Il mancato raggiungimento di questi obiettivi rende Shell poco competitiva perché non in grado di far fronte alle richieste di politica e società civile che desiderano forme di energia pulita ed economicamente accessibile.

Secondo ClientEarth, infatti, la multinazionale ha bisogno di abbandonare le fonti fossili e cambiare il proprio modello di business. L’azienda, in pratica, è accusata di dedicarsi a progetti e investimenti poco vantaggiosi rispetto alla inversione di rotta globale in cui si lavora per rendere la produzione di energia pulita e sostenibile per l’ambiente.

Questa modalità antica di pensare l’approvvigionamento energetico porterà, secondo ClientEarth, a un crollo dei posti di lavoro e dei fondi pensione e anche forti rischi per i portatori di interesse e investitori. In altre parole: produzioni energetiche davvero attente all’ambiente sono vantaggiose, mentre inquinare non conviene neanche a livello finanziario perché fa perdere autorevolezza e affidabilità agli occhi  del mercato azionario e della società civile. Per questo, ClientEarth spiega agli investitori che investire in Shell non conviene.

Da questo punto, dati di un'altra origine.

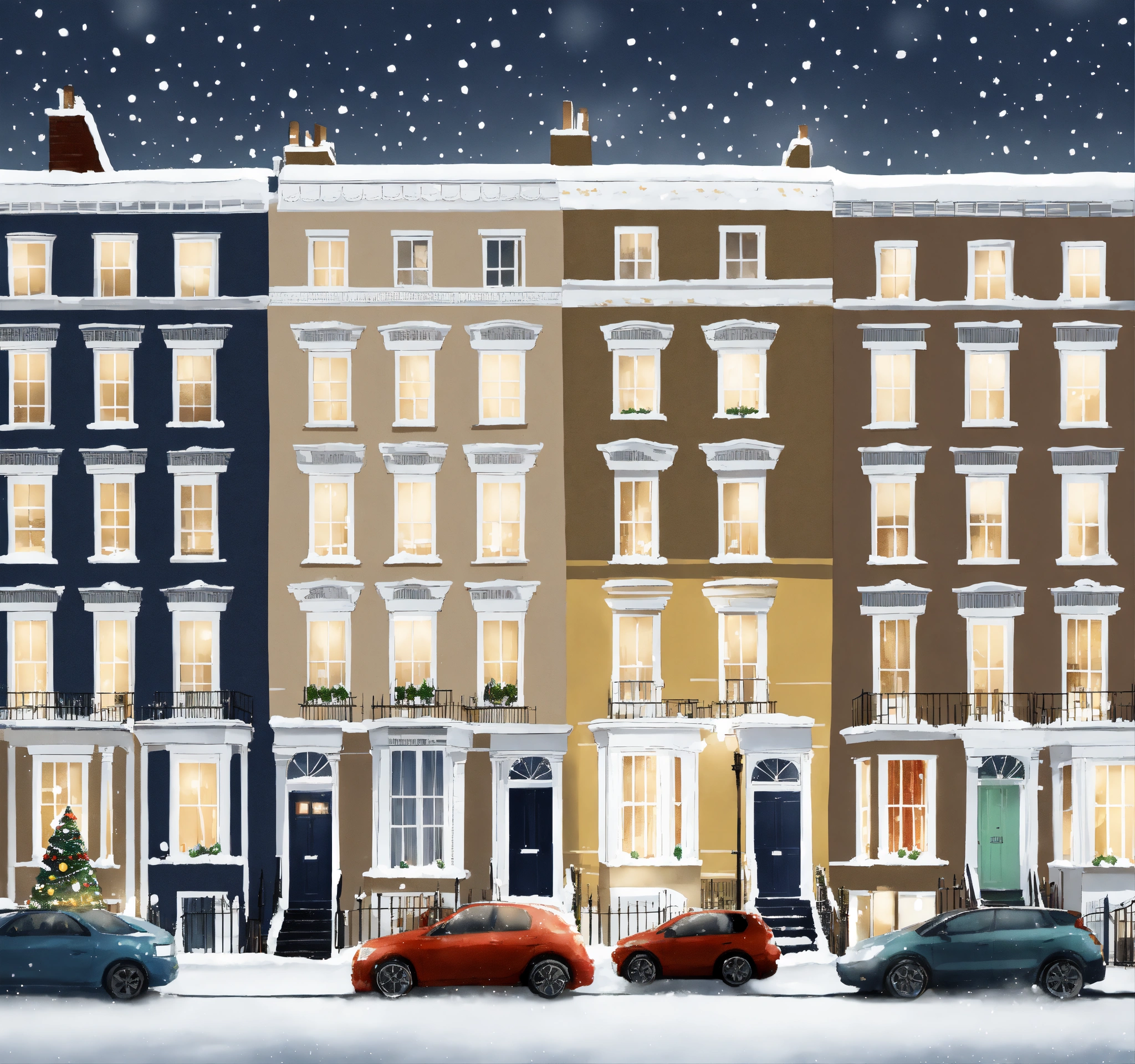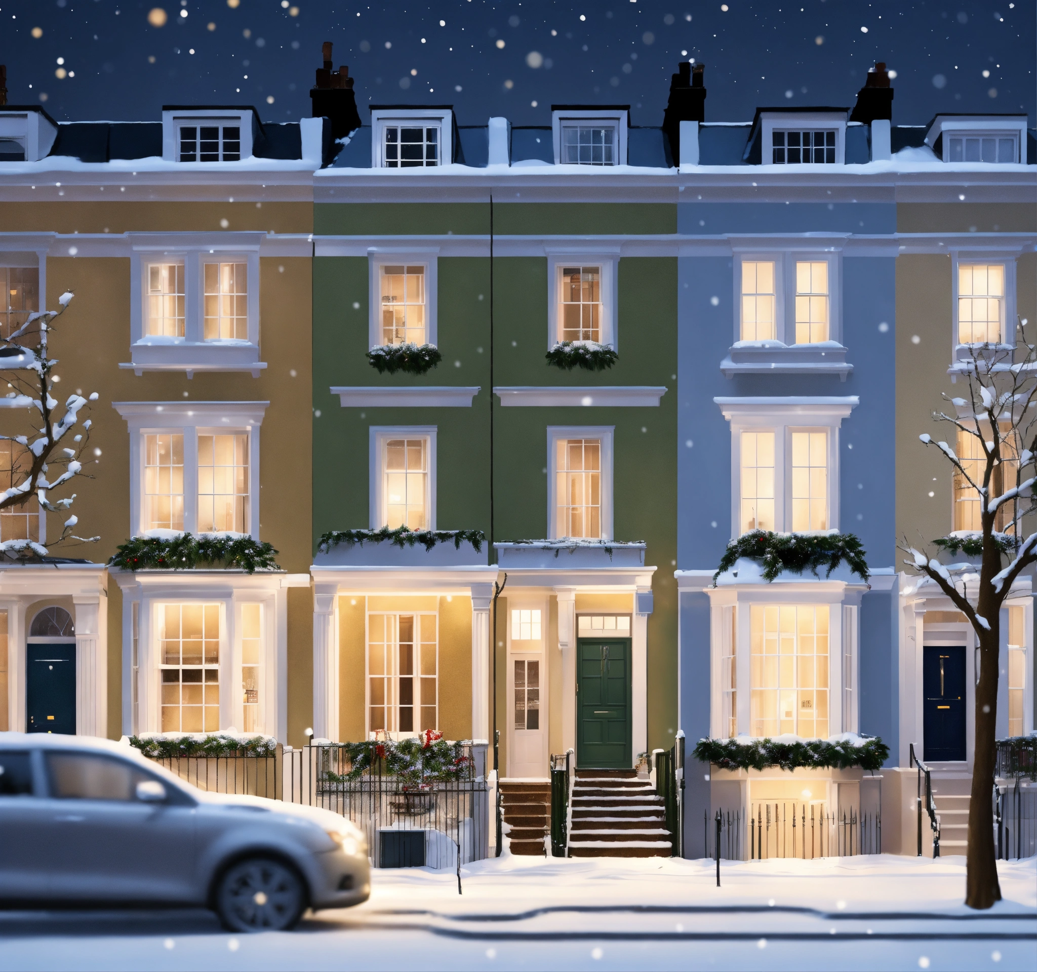 Realistic illustration of five houses on a notting hill type street in light colors on a snowy christmas night. all the houses look complete. no cars. there is bokeh. all the houses are seen from the front, and completever detalles
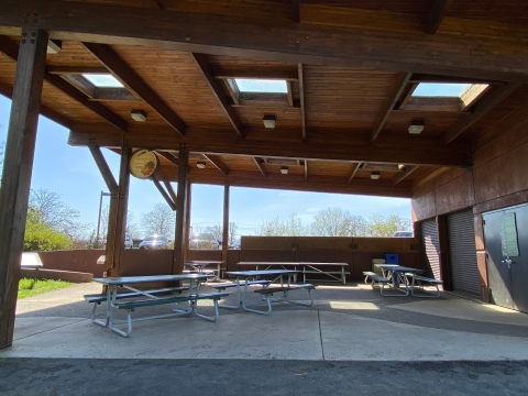 The Education Shelter hosts school field trips and interpretive programs. The tables are available on a first-come basis for general use when they are not being used for programs.
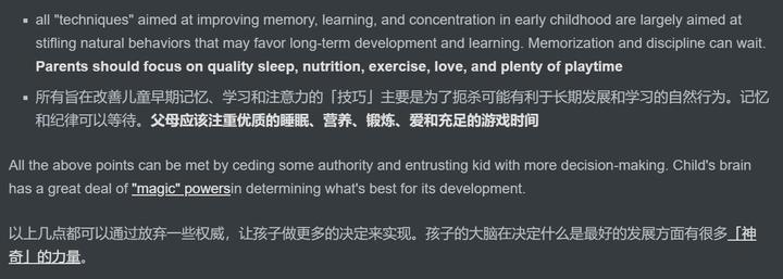 - 所有旨在改善儿童早期记忆、学习和注意力的「技巧」主要是为了扼杀可能有利于长期发展和学习的自然行为。记忆和纪律可以等待。父母应该注重优质的睡眠、营养、锻炼、爱和充足的游戏时间
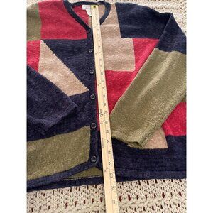 Colorful Patchwork Christopher & Banks XL Cardigan Women’s Sweater Red, Blue, Gr
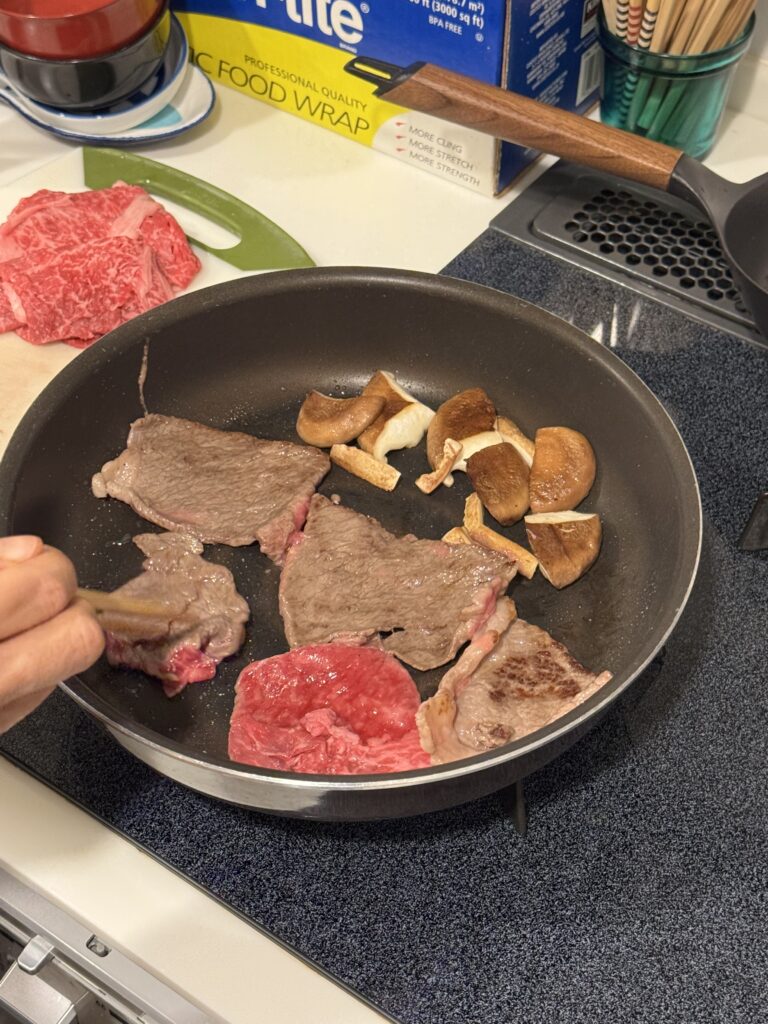 また、いつも行かせてもらっている松本ミートで、すき焼き肉が安くなってたので、買ってみました 鹿児島の黒毛和牛のもも肉 あまり脂分が強くなく食べやすかったです
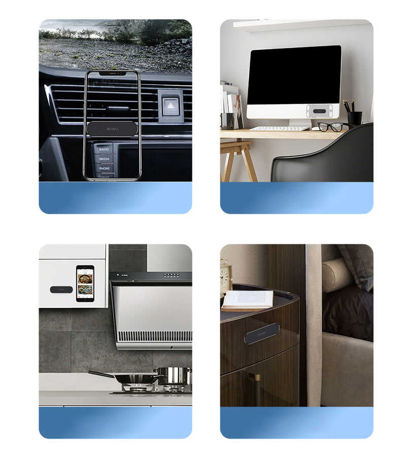 You can use it by sticking it on flat surfaces thanks to 3M adhesive.
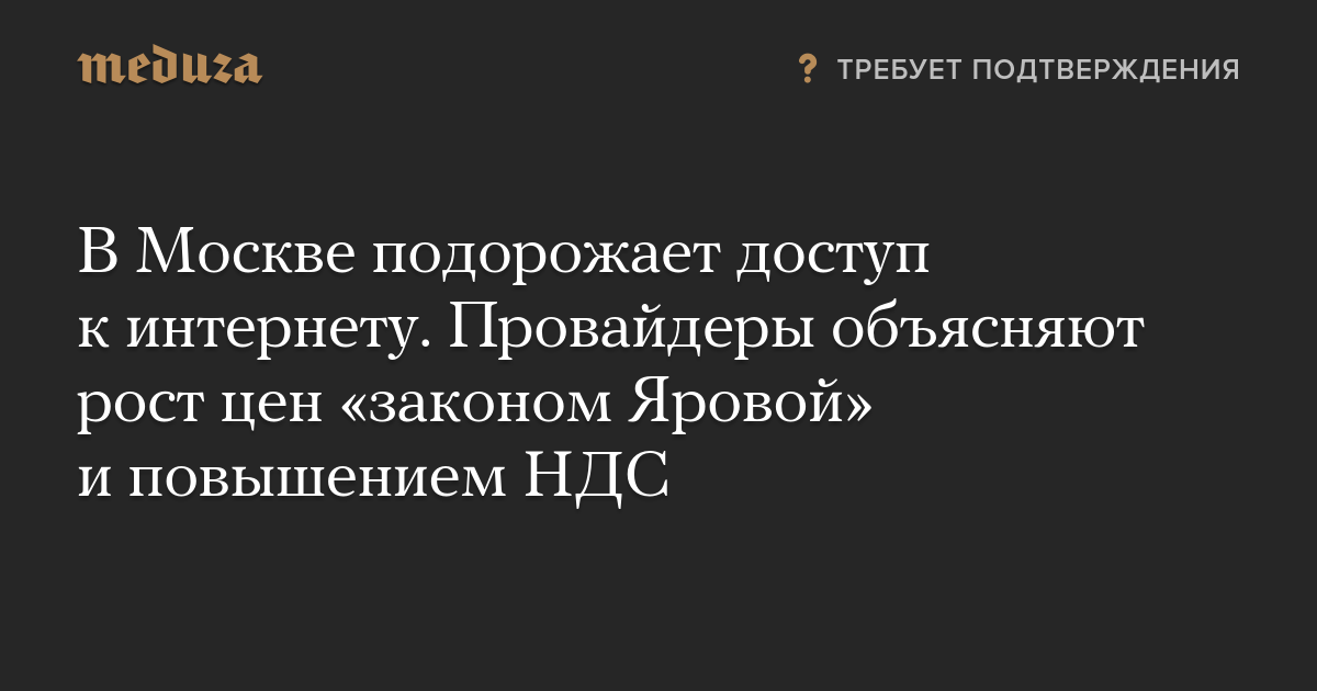 В Москве подорожает доступ к интернету. Провайдеры объясняют рост цен «законом Яровой» и повышением НДС
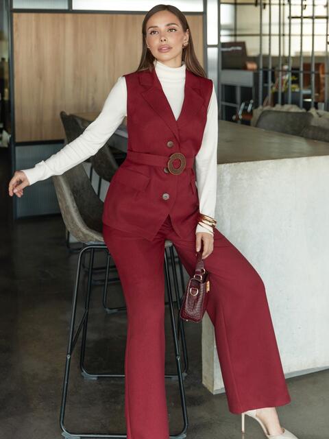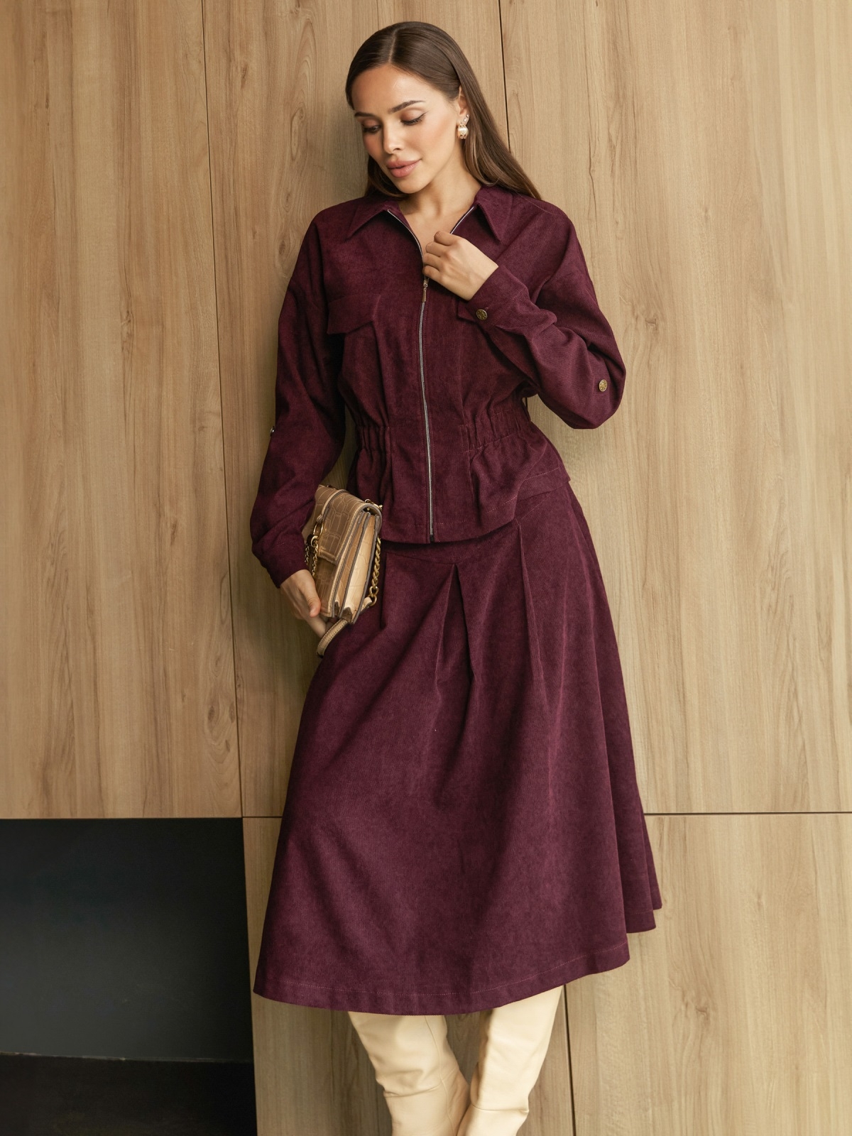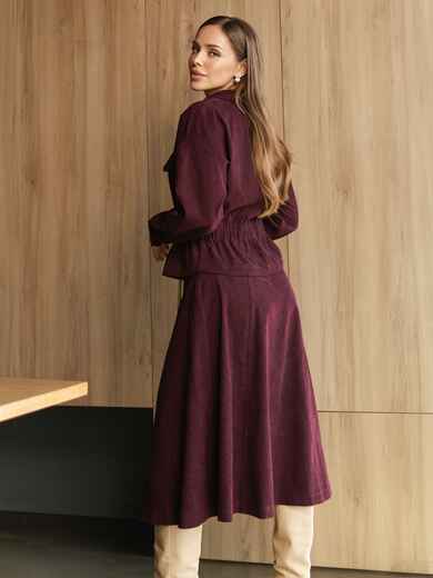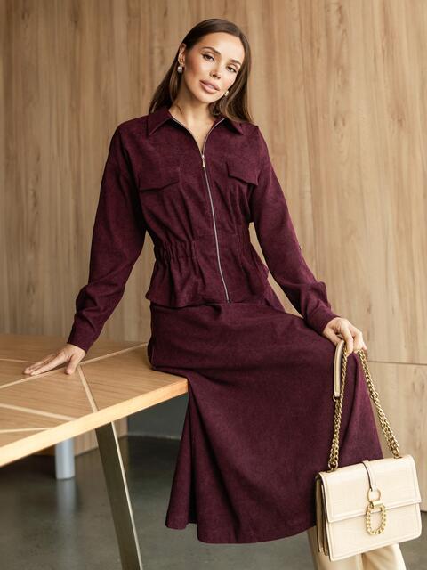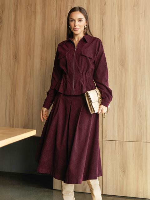 Костюм-двійка з мікровельвету. Жакет з акцентною талією за рахунок гумки. Модель з відкладним коміром. Довгі рукави зі спущеною лінією плечового шва, манжетами із застібкою на ґудзик і патом з шльовкою. Поличка доповнена клапанами. Застібається на блискавку. Спідниця міді А-силуету. Модель з м'якими складками спереду. Застібається на блискавку.

Le altre accuse a Shell nel mondo

Non è la prima volta che la compagnia multimiliardaria riceve accuse di provocare danni climatici e ambientali. Il 27 maggio 2021 la Royal Dutch Shell è stata costretta dal Tribunale dell’Aja nei Paesi Bassi a diminuire entro il 2030 le emissioni di gas serra del 45% rispetto ai parametri del 2019.  Per dare un’idea concreta, nel processo “Il popolo contro Shell” è emerso che il quantitativo di Co2 emesso dalla compagnia è nove volte superiore a quella dei Paesi Bassi.  Nel 2022 Caroline Dennett, consulente di Shell, ha rassegnato le sue dimissioni dopo undici anni perché la compagnia petrolifera ignora la crisi ambientale.

Che lo sfruttamento petrolifero abbia un costo umano e ambientale altissimo, è cosa nota, ma meno visibile in Occidente. Lo sanno bene le comunità del Delta del Niger, in Nigeria, che hanno raccolto 3.652 denunce per chiedere un risarcimento e un profondo intervento di bonifica dell’area inquinata. La contaminazione, causata dai riversamenti petroliferi, è in atto da 80 anni ed è ora così profonda da rendere impossibile la pesca e l’utilizzo dell’acqua per l’irrigazione agricola.

Intanto, Shell si prepara a lasciare il paese e continua a dichiarare che gli abitanti locali non hanno diritto a nessun risarcimento. Mentre seguiamo l’evoluzione delle vicende giudiziarie, quello che è certo è che casi del genere sono un simbolo del cambiamento di chi vuole rimettere al centro l’ambiente e il benessere sociale al posto del profitto.